The public sector schemes, by Employee and State Insurance Scheme(ESIS) and civil service health benefits, should commission projection of their long-term assets and liabilities under different longevity assumptions by independent actuarial professionals and make them public.

There are three components in India’s pension and healthcare systems where better understanding and planning for longevity risks merits urgent consideration.

The first component concerns the civil service schemes. For reasons which are not entirely clear, internationally, civil servants exhibit among the longest life spans. In India, even currently it is not unusual for retired civil servants to receive pension benefits which are several times their last drawn salary, and for more years than their active service.

If health care costs, which rise disproportionately with age, are added to the pension costs, the combined pension and healthcare costs of those civil servants receiving non-contributory defined benefits (DB) pensions will be far higher than envisaged.
It is essential that cost projections of the civil servants under the DB schemes be undertaken on sound professional basis and be made available to the public.

These costs constitute a claim on the future fiscal resources of the centre, the states, and other public sector organisations. How these claims be met, and moderated to ensure that such claims by small proportion of the future elderly (civil servants account for around 4.5% of the total labour force) do not crowd out the needs of the other elderly.

The UN projects that by 2050, India will have about 330 million elderly, and all of them are already born. It should also be recognised that the allocation of resources for pensions have opportunity costs. Meeting pension promises should not crowd-out other needs.
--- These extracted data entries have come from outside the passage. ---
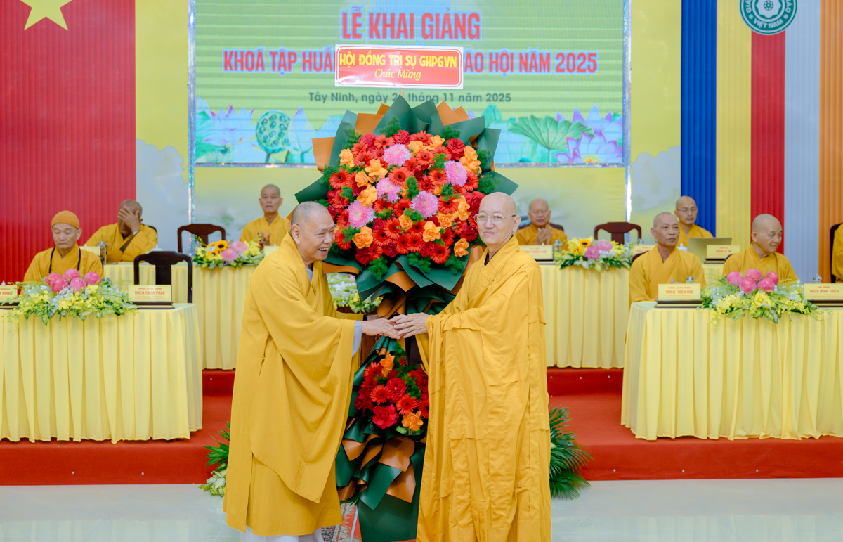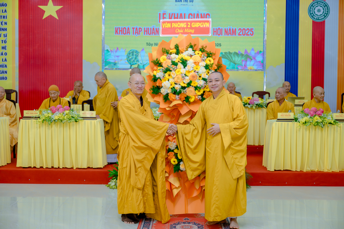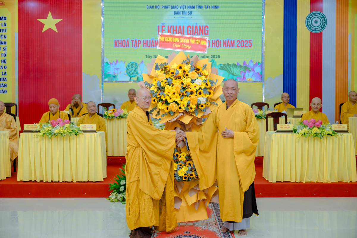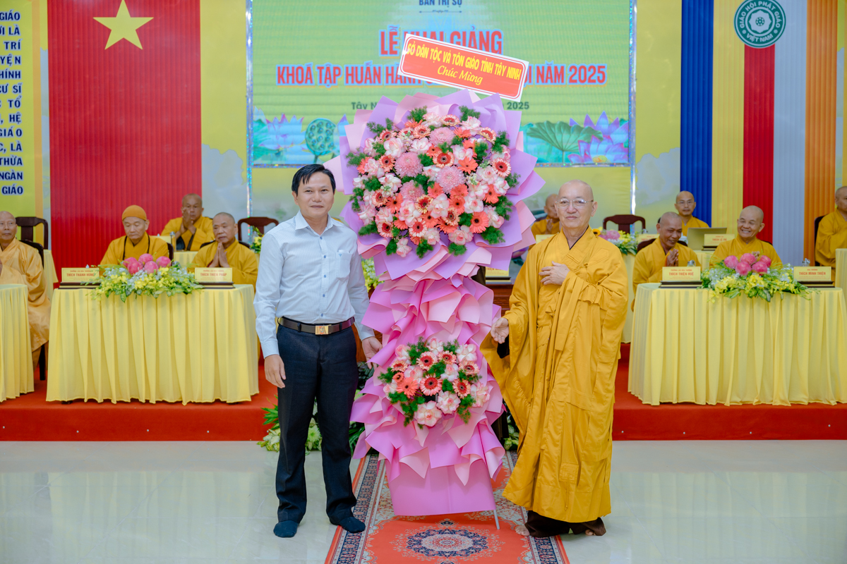 Dịp này, đại diện lãnh đạo Sở Dân tộc và Tôn giáo tỉnh Tây Ninh phát biểu ghi nhận và đánh giá cao sự phối hợp chặt chẽ của Giáo hội trong công tác tổ chức khóa tập huấn; đồng thời bày tỏ kỳ vọng khóa học sẽ góp phần nâng cao hiệu quả quản lý, điều hành Phật sự, đáp ứng yêu cầu đổi mới trong thời đại hội nhập, số hóa và tinh gọn bộ máy.
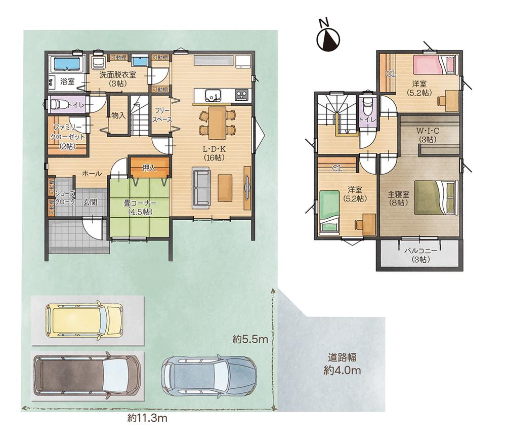 | 建物面積 | 115.95㎡・118.01㎡(35.07坪・35.69坪)(実測) | 土地面積 | 178.68㎡・189.86㎡(54.05坪・57.43坪)(実測) | ||
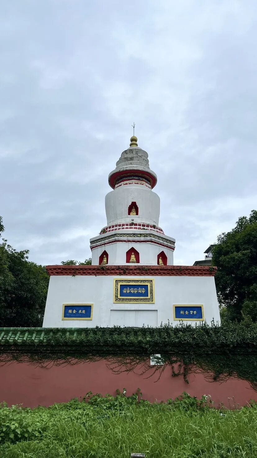 民主路舍利塔,坐落于象山区民主路万寿巷开元寺遗址内,承载着厚重的历史。原塔始建于唐显庆二年(657年),如今呈现在世人眼前的舍利塔,乃是明洪武十八年(1385年)重建的喇嘛式砖塔。塔基为方形四门相通的基座,南门刻“舍利宝塔”,西门刻“南无阿弥陀佛”,四面门额分列八大金刚名号。基座上设八角形须弥座,八面各置圭形佛龛供奉坐佛。塔身呈覆钵形,四面设壶门,南门内藏舍利函。塔刹由伞盖、五重相轮及宝珠形铜顶构成,属明代过街式塔典型形制。现存塔体为明代遗构,塔内共藏佛舍利20余颗。1972年整修时,于内壁发现墨书《金刚经》全文。

The second component concerns Employees Provident Fund Organisation’s ( EPFO) EPS (Employee’s Pension Scheme). The EPFO must be required to make public the longevity assumptions on which its provident and pension scheme’s long-term assets and liabilities are projected and how the EPFO intends to meet them.

These should incorporate anticipated improvements in life expectancy for different cohorts, with provision for contingency that its members may live longer than anticipated. A similar exercise needs to be undertaken by the ESIS for its health schemes.

The third component concerns commercial type organisations, whether in the private or in the public sector. The PFRDA should be given the powers to require these organisations to project organization-specific longevity risks, to subject them to stress tests, and to prepare plans for meeting such risks. They should include public sector financial institutions, including the Reserve Bank of India; private corporations with DB plans; public organisations such as the Indian Railways, Indian Post, public sector banks and others.

The State Bank of India reported virtually zero profit for Q4 FY11, partly due to under-provision of the pension liabilities. Deteriorating finances of Indian Railways; and the previous communist-led West Bengal government exhibit revenue deficit in 2010-11 equivalent to 25% of its expenditure, even when no accrued pension liabilities have been included, suggests the scope of the challenge in addressing longevity risks.
India’s rapid ageing, due to increasing longevity trends and declining fertility, will constitute a challenge to policymakers not just in managing longevity risks, but also in terms of wider economic, social and political implications.

The mind-set of those managing provident fund and pension funds and policymakers need to change. Pension and healthcare initiatives must be accompanied by high quality analytical and actuarial projections, capacities for which must be nurtured.